Stored data:
========================================================================

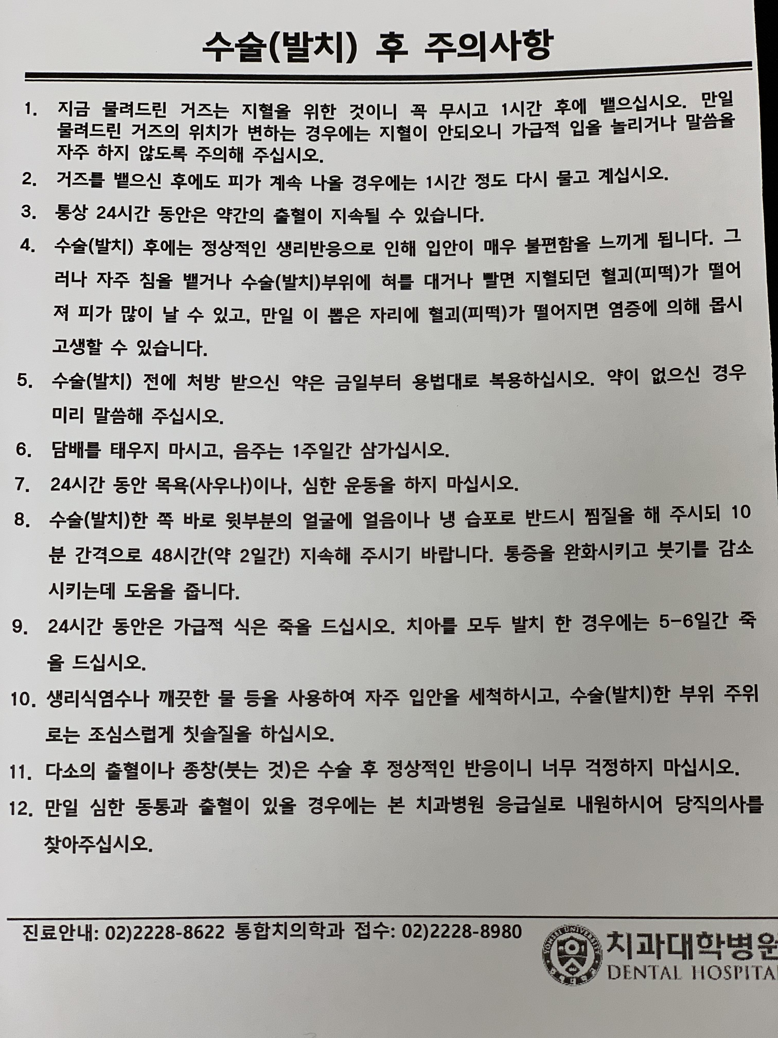 일반 치과 병원에서는 발치 한 시간 전에 약 안 먹어 된다고 했었는데, 대학병원에선 발치 한 시간 전, 처방해준 약 반드시 먹고 오라고 하더군요. 알고 보니 이 발치전 복용약이 발치 후 일어나는 통증을 상당히 감소시켜준다고 하더라고요. (그리고 일반 치과 병원에서는 윗니 사랑니 며칠 간격으로 하나씩 발치해야 한다고 했는데, 대학병원에서는 워낙 간단한 발치라 그냥 두 개 한꺼번에 뽑아도 상관 없다고 했습니다 그리고 한번에 이빨 두 개가 털려본 결과, 정말로 상관 없었습니다)
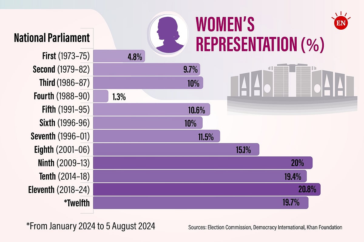 According to the Election Commission, the Khan Foundation’s research report “Empowering Women Through Reserved Seats in Parliament: Fight or Flight Response?”, various newsletters from Democracy International, and Prothom Alo’s own reports, women’s representation in Parliament began with the 15 reserved seat holders in the first National Parliament (1973–1975).
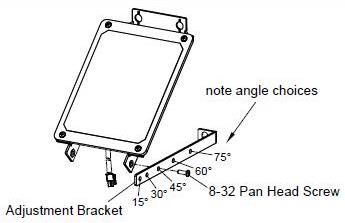 使用剩余的8-32盤頭螺釘將調(diào)節(jié)支架安裝到右支架上。 注意顯示了五個(gè)角度選擇(15°,30°,45°,60°和75°)。為太陽能電池板正在部署的位置選擇適當(dāng)?shù)慕嵌,并將螺釘安裝在正確的孔中。
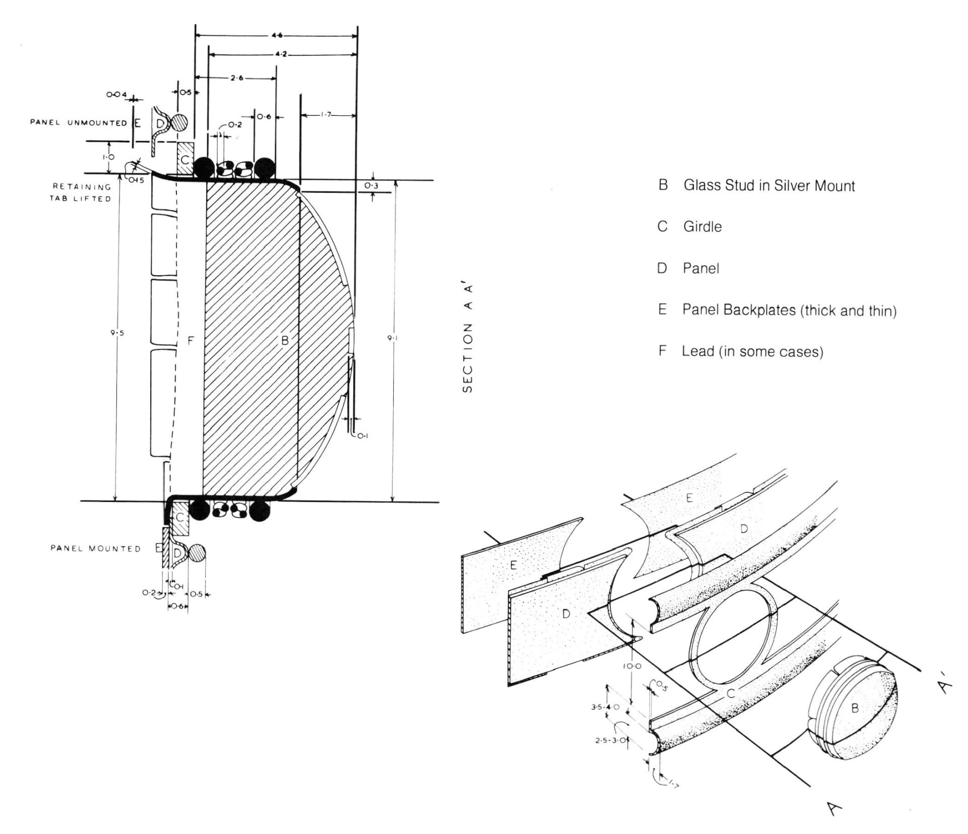 In figure 7 all of the physical data concerning the silver grille and the glass backing of a stud in the bowl girdle have been incorporated in a single dimensioned drawing. It shows a cross section through the stud accompanied by an exploded drawing that indicated how the panels and panel back plates were assembled in the bowl girdle. The mounted stud B was passed from the front into the hole in the girdle C. A lead plug F in the cross-sectional drawing was pushed into the back of the mount and was expanded by a series of punchings around its periphery. The adjacent panels with back plates D and E were dropped into place in the apertures in the girdle and the slit edges of the stud mount were turned over to hold them in position. The drawing shows the condition of the girdle as received. It would have been more in accordance with the concept of the design if the edge of the back plate E, cut back by someone—possibly Johnson—had been left equal in length with the panel D and the two components had then been held together by the turned-over edge of the stud mount.
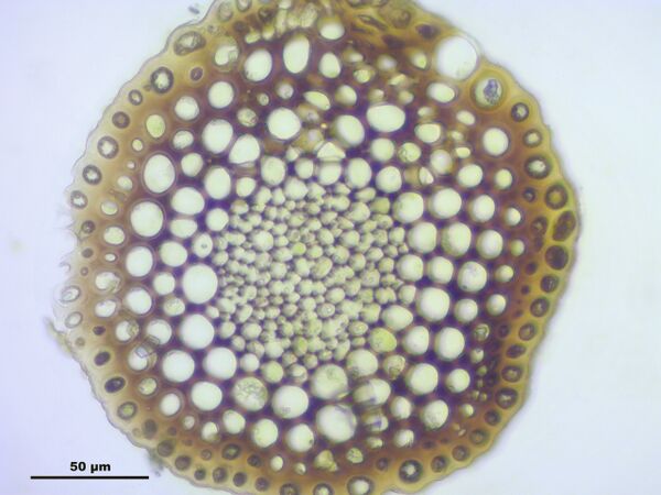 В поперечном разрезе стебель округлый, иногда овальный, угловатый или ребристый. Может быть из однородных клеток, но у большинства мхов состоит из дифференцированных. В последнем случае образуется кора или склеродерма, из механической ткани, внутри которой находится основная, проводящая, ткань. Отмершие клетки внутренней коры образуют снаружи эпидермис, один или несколько слоёв омертвевших клеток без живого содержимого, служащих для сохранения воды.
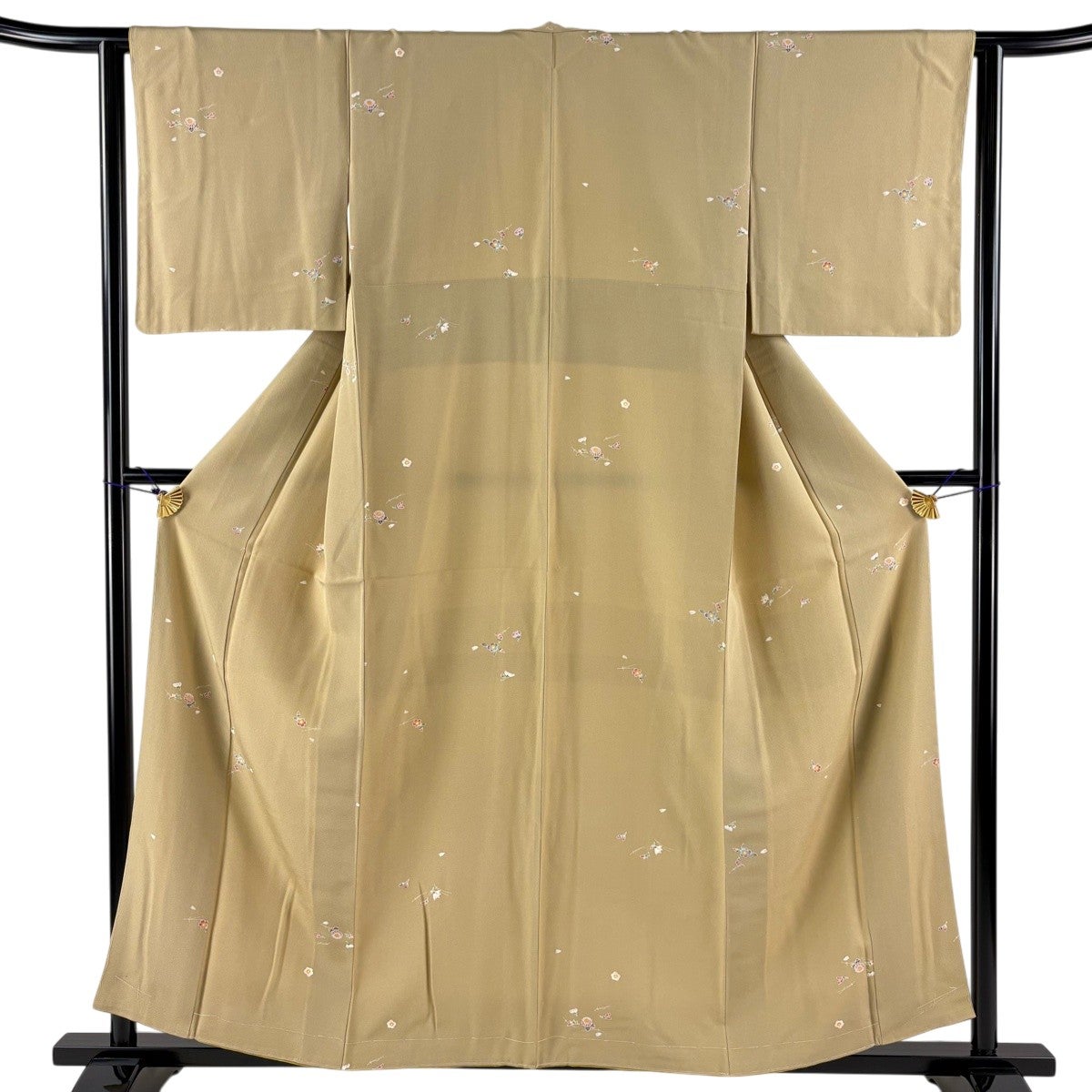 訪問着 身丈158.5cm 裄丈65cm M 袷 桐 葡萄 金彩 絞り 薄茶色 正絹 秀品

========================================================================

Skip the pictures, then retype every line above exactly.

**Task solution:**
 일반 치과 병원에서는 발치 한 시간 전에 약 안 먹어 된다고 했었는데, 대학병원에선 발치 한 시간 전, 처방해준 약 반드시 먹고 오라고 하더군요. 알고 보니 이 발치전 복용약이 발치 후 일어나는 통증을 상당히 감소시켜준다고 하더라고요. (그리고 일반 치과 병원에서는 윗니 사랑니 며칠 간격으로 하나씩 발치해야 한다고 했는데, 대학병원에서는 워낙 간단한 발치라 그냥 두 개 한꺼번에 뽑아도 상관 없다고 했습니다 그리고 한번에 이빨 두 개가 털려본 결과, 정말로 상관 없었습니다)
 According to the Election Commission, the Khan Foundation’s research report “Empowering Women Through Reserved Seats in Parliament: Fight or Flight Response?”, various newsletters from Democracy International, and Prothom Alo’s own reports, women’s representation in Parliament began with the 15 reserved seat holders in the first National Parliament (1973–1975).
 使用剩余的8-32盤頭螺釘將調(diào)節(jié)支架安裝到右支架上。 注意顯示了五個(gè)角度選擇(15°,30°,45°,60°和75°)。為太陽能電池板正在部署的位置選擇適當(dāng)?shù)慕嵌,并將螺釘安裝在正確的孔中。
 In figure 7 all of the physical data concerning the silver grille and the glass backing of a stud in the bowl girdle have been incorporated in a single dimensioned drawing. It shows a cross section through the stud accompanied by an exploded drawing that indicated how the panels and panel back plates were assembled in the bowl girdle. The mounted stud B was passed from the front into the hole in the girdle C. A lead plug F in the cross-sectional drawing was pushed into the back of the mount and was expanded by a series of punchings around its periphery. The adjacent panels with back plates D and E were dropped into place in the apertures in the girdle and the slit edges of the stud mount were turned over to hold them in position. The drawing shows the condition of the girdle as received. It would have been more in accordance with the concept of the design if the edge of the back plate E, cut back by someone—possibly Johnson—had been left equal in length with the panel D and the two components had then been held together by the turned-over edge of the stud mount.
 В поперечном разрезе стебель округлый, иногда овальный, угловатый или ребристый. Может быть из однородных клеток, но у большинства мхов состоит из дифференцированных. В последнем случае образуется кора или склеродерма, из механической ткани, внутри которой находится основная, проводящая, ткань. Отмершие клетки внутренней коры образуют снаружи эпидермис, один или несколько слоёв омертвевших клеток без живого содержимого, служащих для сохранения воды.
 訪問着 身丈158.5cm 裄丈65cm M 袷 桐 葡萄 金彩 絞り 薄茶色 正絹 秀品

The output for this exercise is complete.